Secondly, a new gender dichotomy developed that saw male and female as polar opposites instead of a scale with degrees of variation. Before 1800, male and female bodies in medical anatomy books were viewed – according to Thomas Laqueur – as similar (apart from the genitalia) and as equally sexual. However, since the French Revolution, males and females began to be seen as totally dissimilar, with men being sexual and women asexual (chaste, Victorian) and, contrary to prior held beliefs, no need of female orgasm (hence, sexual pleasure) for fertilization. Prior, during the Christian era, men had to control their own sexuality and even more so that of their dependents (wives, children and others). In the 19th century women became asexual Victorians who apparently needed less control.7 Prostitution, in the past seen as being caused by an excess of female lust, now was explained by bad socio-economic conditions: poverty and/or abusive families. This gender dichotomy was the foundation of heterosexuality (including marriage, reproduction, coital sex) and would form the basis for what was to be seen as sexually “normal” and what, in contrast, would be deemed perverse in the coming century. The subtitle of Krafft-Ebing’s Psychopathia sexualis (1886) was “with special reference to sexual inversion” which indicates that homosexuality was in those times the exemplary perversion, at least in Germany.

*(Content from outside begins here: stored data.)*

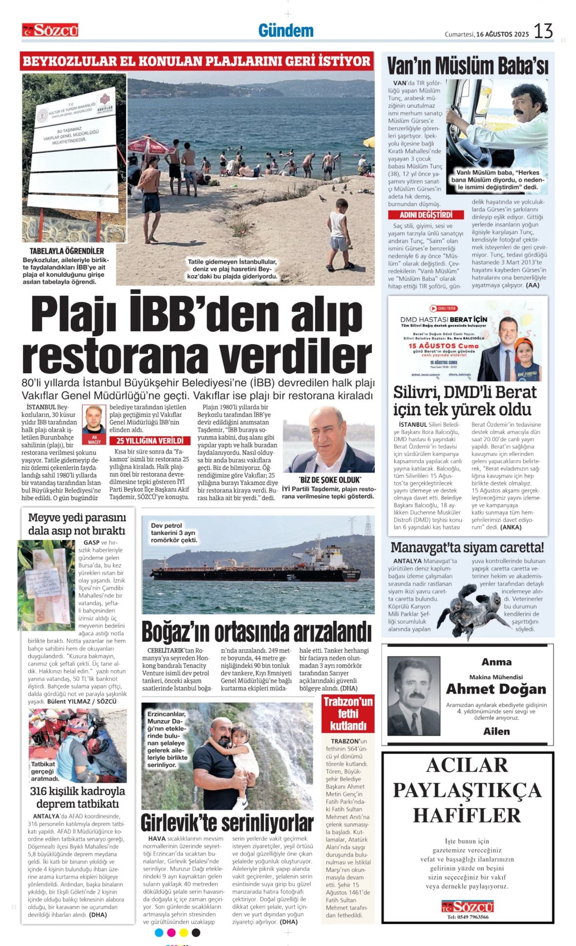 Sözcü Bugünkü Vefat İlanlar 16.8.2025;
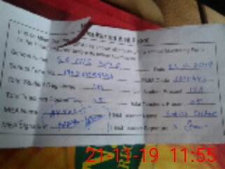 | Monitoring Date: 21-11-2019 | Start Time: 21-11-2019 10:58 AM | End Time: 21-11-2019 11:55 AM | Name of MEA: M.**** HA**** BN**** | |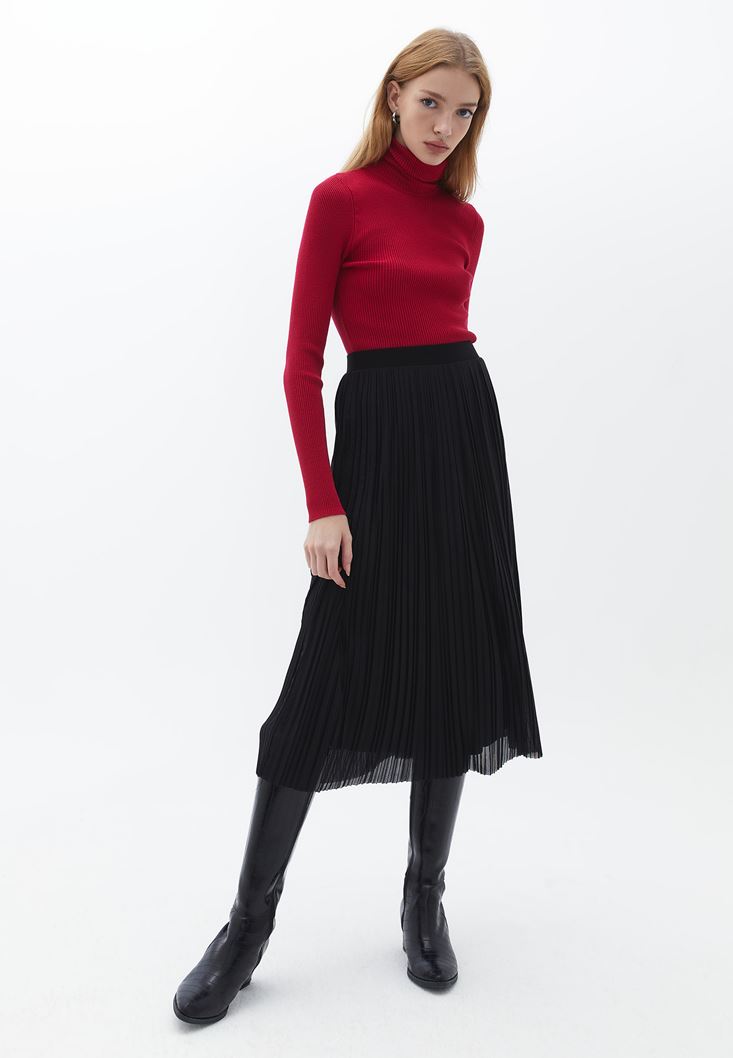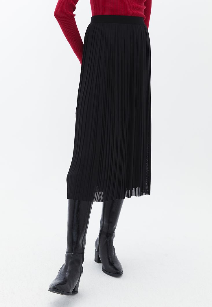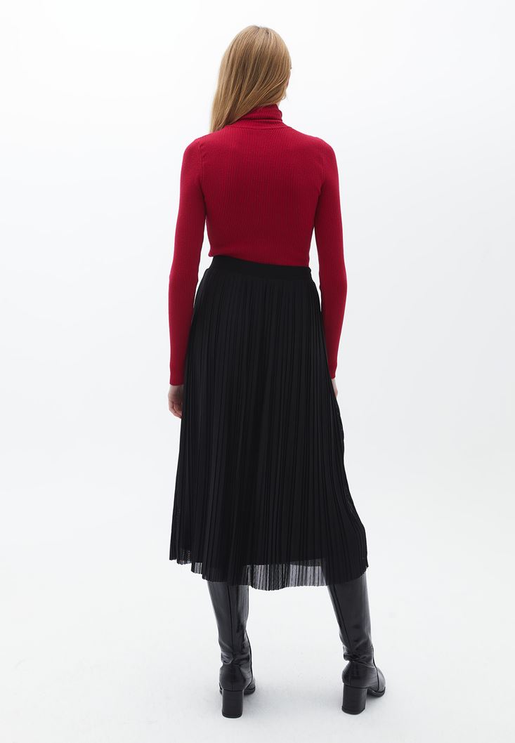Pileli özel doku, yüksek bel, beli lastikli, midi boy, içi astarlı, a kesim.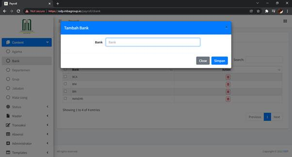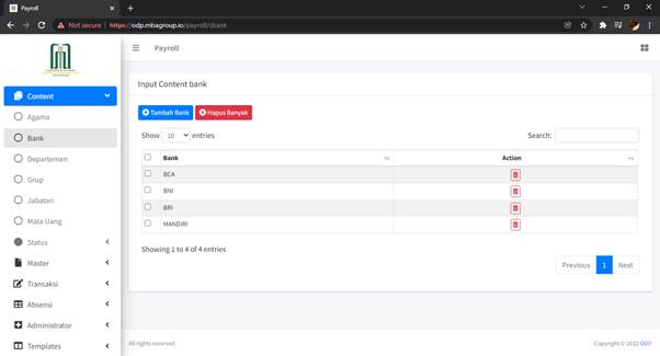 Sub Menu Content Bank digunakan untuk menambahkan, mengubah, dan menghapus data/informasi bank apa saja yang digunakan oleh pengguna sebagai tujuan pembayaran payrollnya.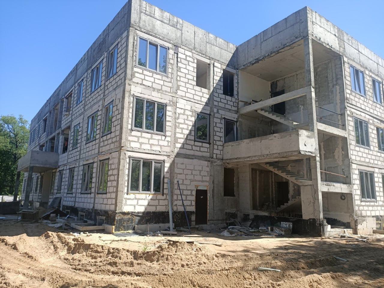 В настоящий момент на площадке задействовано 42 рабочих. Выполняются кладочные работы, устройство кровли, монтаж светопрозрачных конструкций, устройство полов, монтаж внутренних инженерных систем.

Not only were state and church separated, but also citizen and state which created space for a private separate from a public world – the third point. The state should not interfere in this personal realm of the (male) citizen. Sexuality belonged to this intimate sphere and public indecencies became crimes with serious consequences for those who could not rely on their own space for erotic encounters (youth, queers, women and so on). This distinction became part of the new laws governing sexuality in France established in 1791 and 1810. These Code Pénals listed for the first time in history the crime of public indecency (“outrage public à la pudeur”). Sexuality – homo, hetero, exhibitionist and sometimes including nude bathing, urinating and defecating or general visibility of the genital area – should only happen behind closed doors (bedrooms, toilets) and not outside.8 Prostitution became known as a public vice where sex workers had to rely on public space for their activities. As long as they didn’t have sex with their clients on streets or in parks, their soliciting would be met with some clemency. This policy applied more for the clients than for the women, as sex work was regarded as a necessary evil stemming from the natural heterosexual drives of unmarried males. Creating the option of public sex work offered those men an escape.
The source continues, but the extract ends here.